Okay, I installed Warcraft III, and Frozen Throne on my Mac OSX 10.3.2. When I try to open the program, it comes up with a dialogue box telling me that it wasn't able to initialize OpenGL. BUT I HAVE OpenGL!!

Thanks for all your help.


----------



## Lt Major Burns (Feb 2, 2007)

Update to 10.3.9


----------



## Kees Buijs (Feb 17, 2007)

blue gekko said:


> Okay, I installed Warcraft III, and Frozen Throne on my Mac OSX 10.3.2. When I try to open the program, it comes up with a dialogue box telling me that it wasn't able to initialize OpenGL. BUT I HAVE OpenGL!!
> 
> Thanks for all your help.



I have no problem playing the game both in mac os x (10.4) and under os 9 (by booting into it) on the same system 5 years old by now).
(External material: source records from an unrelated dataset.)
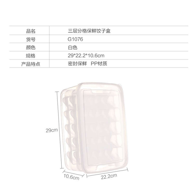 三层分格保鲜饺子盒【PP/透明色】
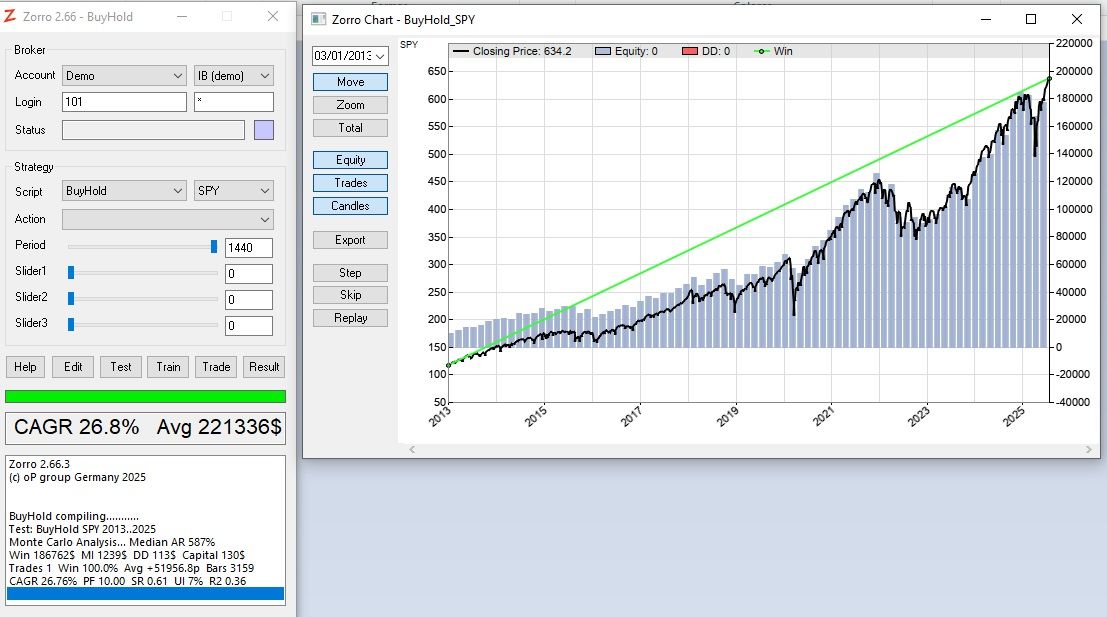 But i can not understand how if SPY went from 117 to 637 , and how just Buy and hold can lead you from 10k to 195k, because in the BuyHold.c i cant see leverage.
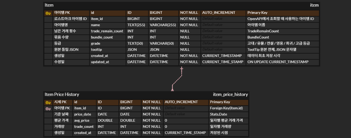- @ManyToOne(fetch = FetchType.LAZY): 가격 히스토리를 조회할 때 굳이 item 전체를 끌어오지 않도록 최적화, 아이템 상세가 필요할 때만 join됨

Although i am not sure it does support opengl from the box, it do not expect it to do so.


Good luck, Kees


----------



## Elton333 (Feb 22, 2007)

Under windows WarCraft 3 runs in both modes OpenGL and Direct3D. Under Mac I haven't tested this yet.


----------



## jhawk28 (Mar 1, 2007)

Direct 3D is only available on Windows. OSX uses OpenGL. You should also try upgrading to the latest version of Warcraft 3.

Joshua


----------